Special characters like & 
> and # do not mean the same as %26 and %23 within in the context of an URL. By
unescaping, this 
> information is being lost...

At the early beginning, when the internal request processing starts, apache
unescapes the URL-path once. This is not done by mod_rewrite, this happens
before mod_rewrite is involved and I think this is also a part of the security
concept. 

If you are using your rewrite rules in directory context, you have a filename (a
physical path, e.g. /var/www/abc) while the per-dir prefix is stripped (so
you're matching only against the local path 'abc' if your rules are stored in
/var/www/). How would you map some unescaped URL-path to the file system?
There's no way to make the unescaping process optional for a physical path in
directory context.

URL-path and QueryString have different rules for encoding. The QueryString is
left untouched (by browser [except spaces] and server) while reserved and
special chars in the URL-path must be requested hex-encoded by the client.
Apache unescapes URL-path in order to process the request.

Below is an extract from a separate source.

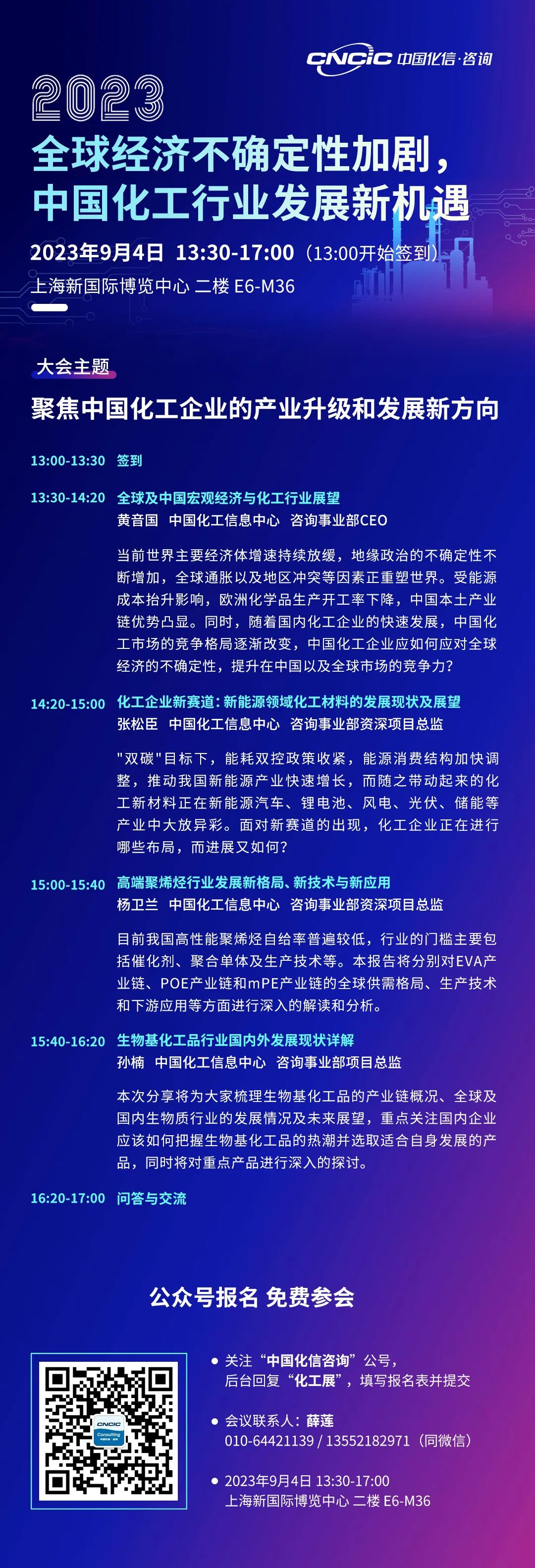 9月4日下午,中国化工信息中心将于2023(第二十届)中国国际化工展览会同期举办客户分享会。此次会议将围绕“全球经济不确定性加剧,中国化工行业发展新机遇”这一课题展开,针对近年热点,如新能源、新材料、高端聚烯烃、生物基化工品等,进行深度分享,同时还将为您带来关于国内化工企业未来发展的思考。
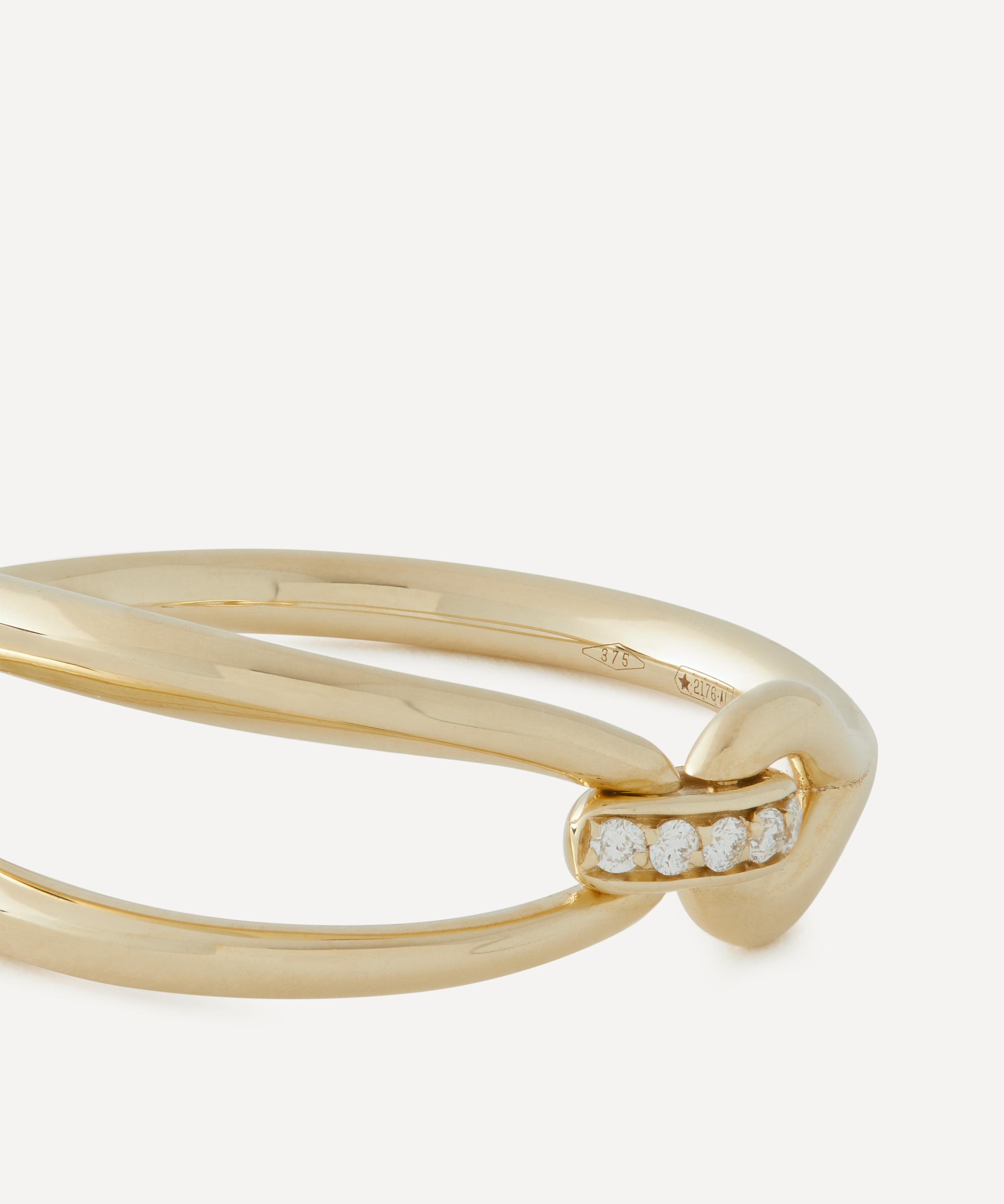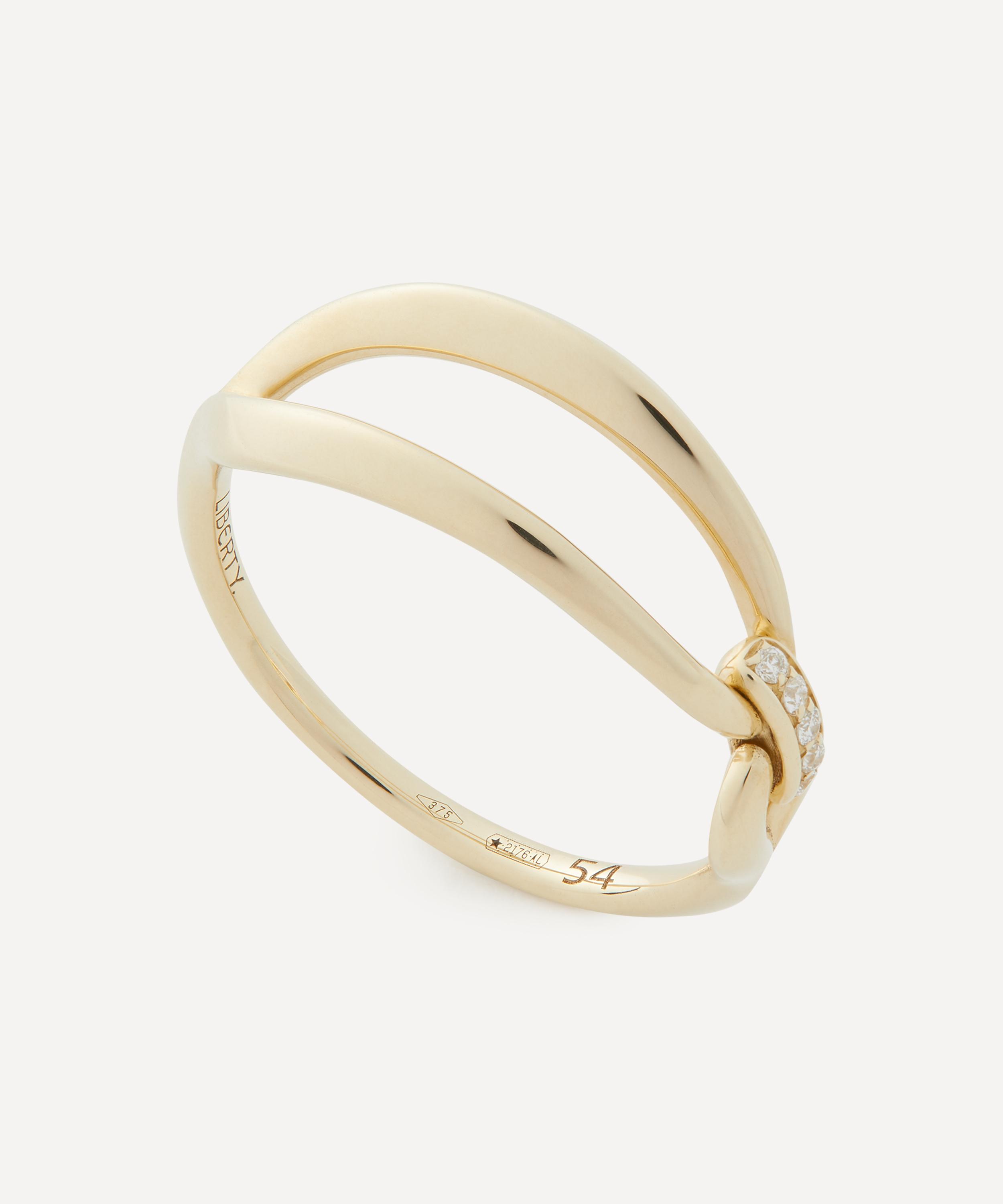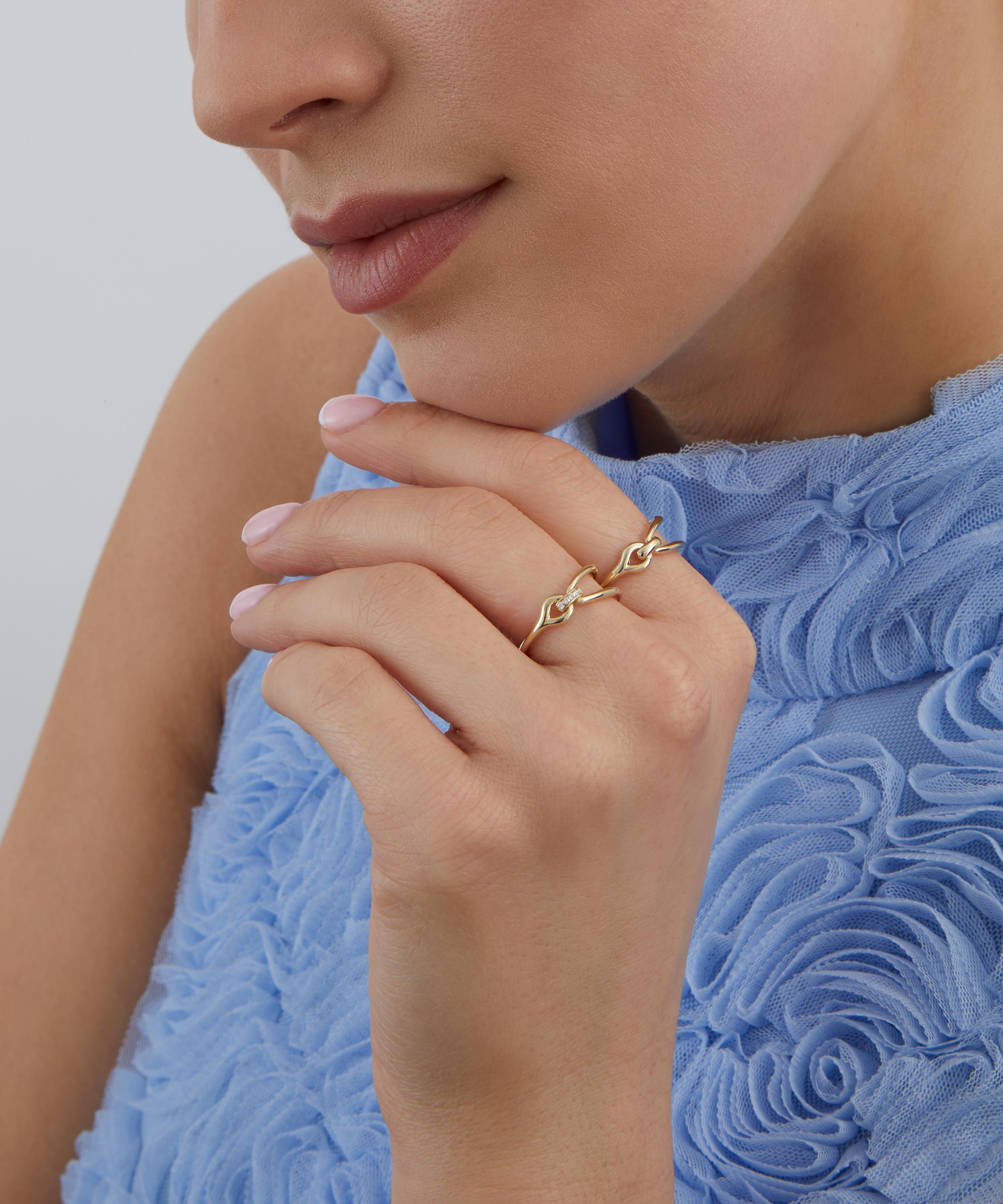 Celebrate love and deep connection in its purest form with this symbolic ring from Liberty’s Link collection – a token of love, unity and the invisible thread that ties hearts together. Drawing inspiration from our Liberty archive, it combines minimalist and modern aesthetics with a sleek band and diamond-encrusted knot detail handmade in 9ct gold for a clean, timeless appeal. Perfect for declaring your special bond with a partner, friend or a loved one, it can be worn on its own or layered with the second plain Link Ring from the collection. Together, these rings form a perfect pair, just like two hearts linked by love.

A way to soften this problem would be a map function which encodes all
non-[a-zA-Z0-9/,._-] characters into their %FF hex representation as discussed
above.

If you need the unescaped uri with all its consequences, use the ENV
THE_REQUEST, which contains the full untouched request string like
GET /foo%20bar?foo=bar HTTP/1.1

BTW: You can also analyze $_SERVER['REQUEST_URI'] within your php script and set
the variable 'title' there. That would be another workaround for scripts (typo3
is using this method).
Comment 13 Bob Ionescu 2007-01-25 19:03:10 UTC
*** Bug 39739 has been marked as a duplicate of this bug. ***
Comment 14 Mika Lindqvist 2007-03-08 13:11:29 UTC

*** This bug has been marked as a duplicate of 23295 ***
Comment 15 Bob Ionescu 2007-03-09 10:06:06 UTC
This PR is an enhancement request to implement a new internal map function which
still needs to be written more-generic.